The runtime environment allocates threads to processors depending on usage, machine load and other factors. The number of threads can be assigned by the runtime environment based on environment variables or in code using functions. The OpenMP functions are included in a header file labelled "omp.h" in C/C++.
Implementations
OpenMP has been implemented in many commercial compilers. For instance, Visual C++ 2005, 2008 and 2010 support it (in their Professional, Team System, Premium and Ultimate editions), as well as Intel Parallel Studio for various processors.
Pros and cons
Pros
- Data layout and decomposition is handled automatically by directives.
- Incremental parallelism: can work on one portion of the program at one time, no dramatic change to code is needed.

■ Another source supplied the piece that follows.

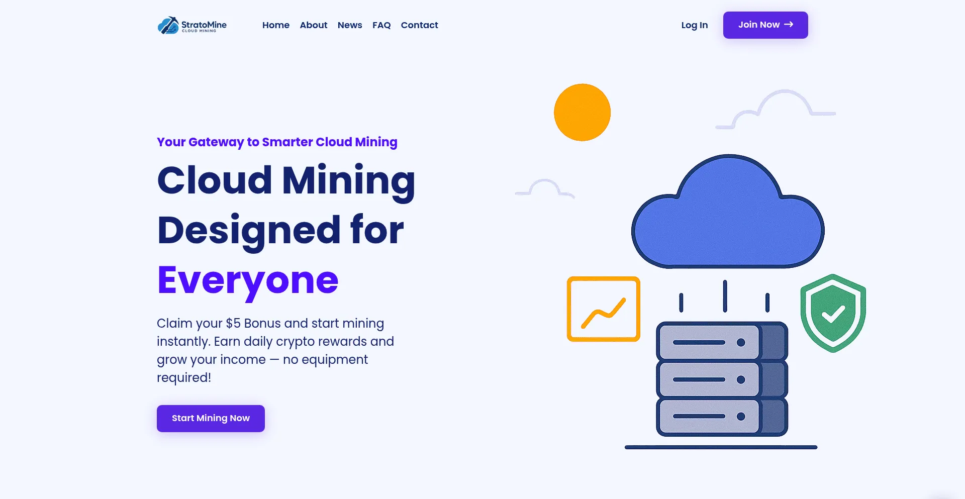 Start cloud mining with StratoMine and earn daily crypto income. No hardware needed. Get $5 bonus to start mining today.

- Unified code for both serial and parallel applications: OpenMP constructs are treated as comments when sequential compilers are used.
- Original (serial) code statements need not, in general, be modified when parallelized with OpenMP. This reduces the chance of inadvertently introducing bugs.
- Both coarse-grained and fine-grained parallelism are possible
Cons
- Risk of introducing difficult to debug synchronization bugs and race conditions.
- Currently only runs efficiently in shared-memory multiprocessor platforms .
- Requires a compiler that supports OpenMP.
- Scalability is limited by memory architecture.
- no support for compare-and-swap
- Reliable error handling is missing.
- Lacks fine-grained mechanisms to control thread-processor mapping.
- Can't be used on GPU
- High chance of accidentally writing false sharing code
Performance expectations
One might expect to get an N times speedup when running a program parallelized using OpenMP on a N processor platform. However, this is seldom the case due to the following reasons:
- N processors in a SMP may have N times the computation power, but the memory bandwidth usually does not scale up N times. Quite often, the original memory path is shared by multiple processors and performance degradation may be observed when they compete for the shared memory bandwidth.
- Many other common problems affecting the final speedup in parallel computing also apply to OpenMP, like load balancing and synchronization overhead.